Content starts
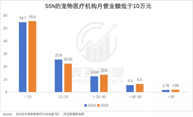 量价齐齐承压,门店却越开越密,宠物医院便陷入了“痛苦螺旋”:一边,是宠物主纷纷抱怨“猫狗看病比人贵”;另一边,是收入增长缓慢,55%的机构月营业额低于10万元。
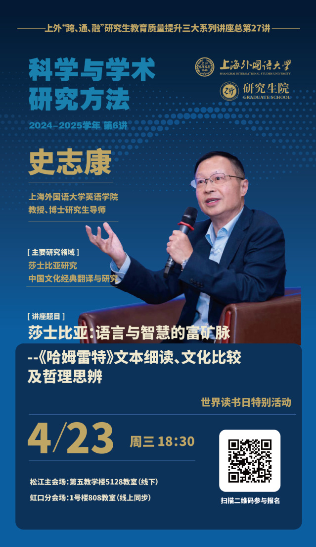 上外“跨、通、融”研究生教育质量提升三大系列讲座第二十七场讲座开启报名
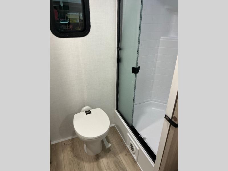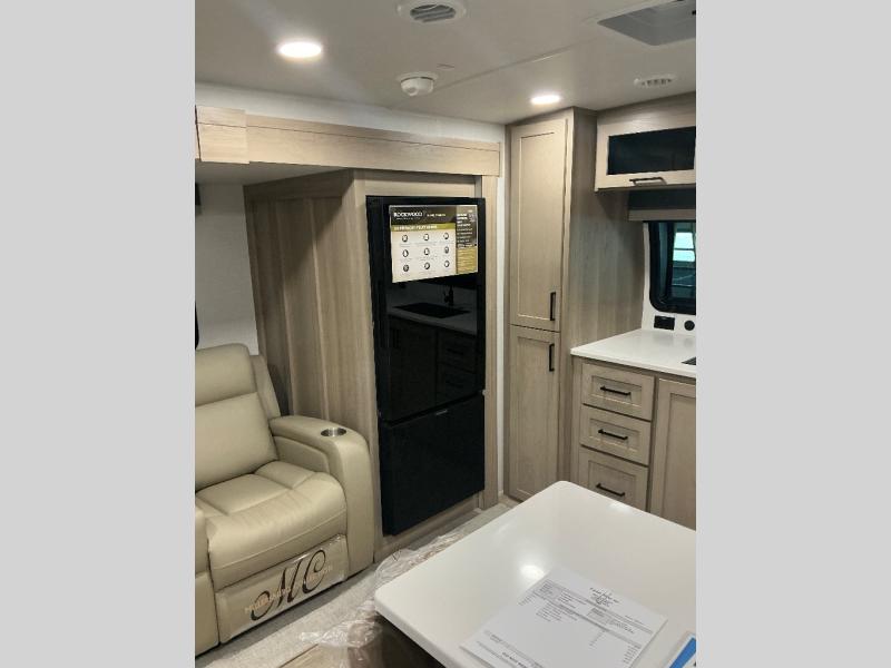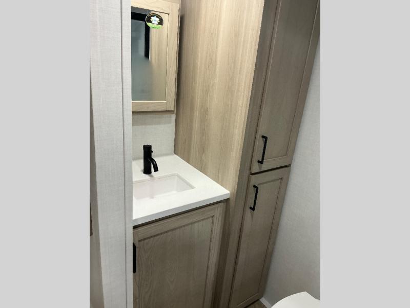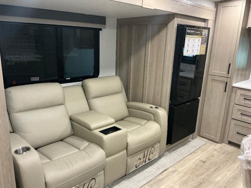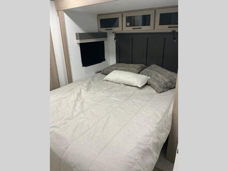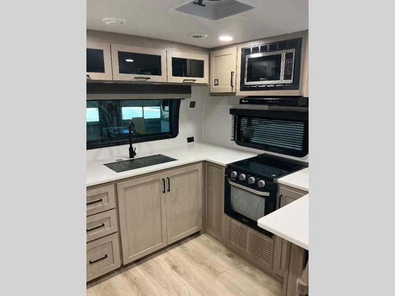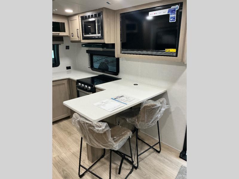 This travel trailer is the best option for you and your partner! The lavish full rear bathroom features a spacious layout and a convenient linen closet, perfect for relaxation and refreshment. The elegant bedroom boasts a plush queen bed, ample wardrobe space, and stylish dresser, creating a serene retreat. The spacious living room and kitchen combined area is the heart of the trailer, featuring plush theater seating for cozy movie nights, a generous closet for storing essentials, and a 12V Smart TV for entertainment on the go. Plus, the expansive countertop with chairs provides a perfect spot for gourmet meals or socializing, while the premium three-burner cooktop, well-stocked kitchen pantry, and high-performance microwave make meal prep and cooking a true delight.
Content ends
The result should be the full listing, retyped exactly and free of pictures.

**WRITTEN RESPONSE**.
 量价齐齐承压,门店却越开越密,宠物医院便陷入了“痛苦螺旋”:一边,是宠物主纷纷抱怨“猫狗看病比人贵”;另一边,是收入增长缓慢,55%的机构月营业额低于10万元。
 上外“跨、通、融”研究生教育质量提升三大系列讲座第二十七场讲座开启报名
 This travel trailer is the best option for you and your partner! The lavish full rear bathroom features a spacious layout and a convenient linen closet, perfect for relaxation and refreshment. The elegant bedroom boasts a plush queen bed, ample wardrobe space, and stylish dresser, creating a serene retreat. The spacious living room and kitchen combined area is the heart of the trailer, featuring plush theater seating for cozy movie nights, a generous closet for storing essentials, and a 12V Smart TV for entertainment on the go. Plus, the expansive countertop with chairs provides a perfect spot for gourmet meals or socializing, while the premium three-burner cooktop, well-stocked kitchen pantry, and high-performance microwave make meal prep and cooking a true delight.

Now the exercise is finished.